Eufileto conclude l'orazione
Gi pagina 490 numero 404
ἐγὼ μὲν οὖν, ὦ ἄνδρες, οὐκ ἰδίαν ὑπὲρ ἐμαυτοῦ νομίζω ταύτην γενέσθαι τὴν τιμωρίαν, ἀλλ᾽ ὑπὲρ τῆς πόλεως ἁπάσης: οἱ γὰρ τοιαῦτα πράττοντες,...
Io dunque, signori giudici, credo che questa punizione non sia stata privata a favore di me stesso, ma a favore della città intera; infatti coloro che compiono azioni di questo genere, vedendo quali premi sono previsti per siffatti reati, si comporteranno in modo meno scorretto verso gli altri, qualora vedano che anche voi avete la stessa opinione.
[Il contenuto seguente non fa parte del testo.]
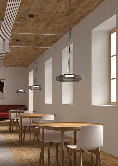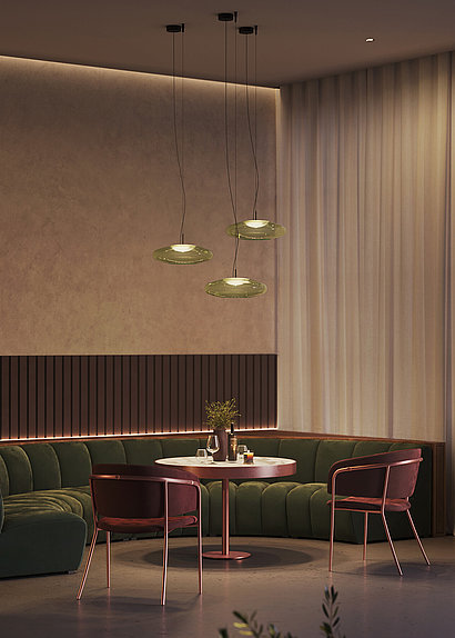 Bei eingeschaltetem Licht wird die filigrane Leichtigkeit noch verstärkt, während das Glas das Licht im Inneren einfängt und die KHOI damit zu einem einzigartigen Lichtobjekt macht.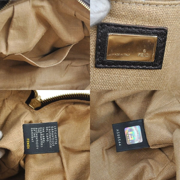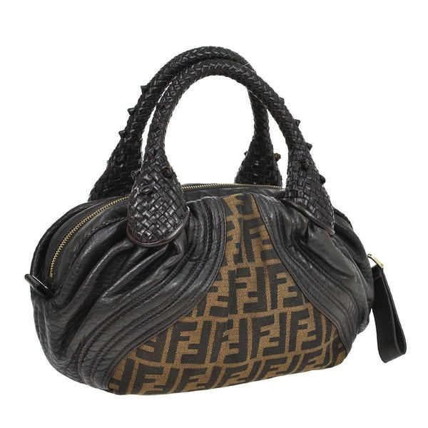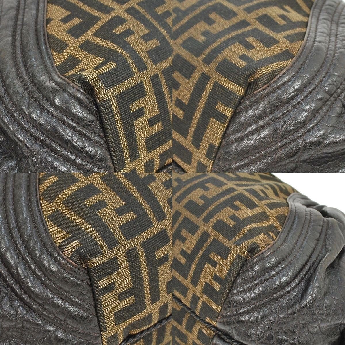 Fendi Zucca Pattern HandBag Brown Nylon Leather

Se no, molto meglio cancellare le leggi vigenti e istituirne altre che puniscano con le punizioni coloro che sorvegliano le proprie mogli, e invece garantiscano assoluta impunità a coloro che vogliono comportarsi scorrettamente verso di loro. Molto più giusto così infatti piuttosto che i cittadini subiscano imboscate dalle leggi, che da una parte impongono che, se uno sorprende un adultero, ne faccia dunque ciò che vuole, mentre i processi risultano più temibili per coloro che subiscono ingiustizia che per coloro che, contro le leggi, disonorano le mogli altrui. Io ora infatti sono in pericolo sia per la vita, sia per il patrimonio, sia per tutto quanto il resto, perché ho confidato nelle leggi della città.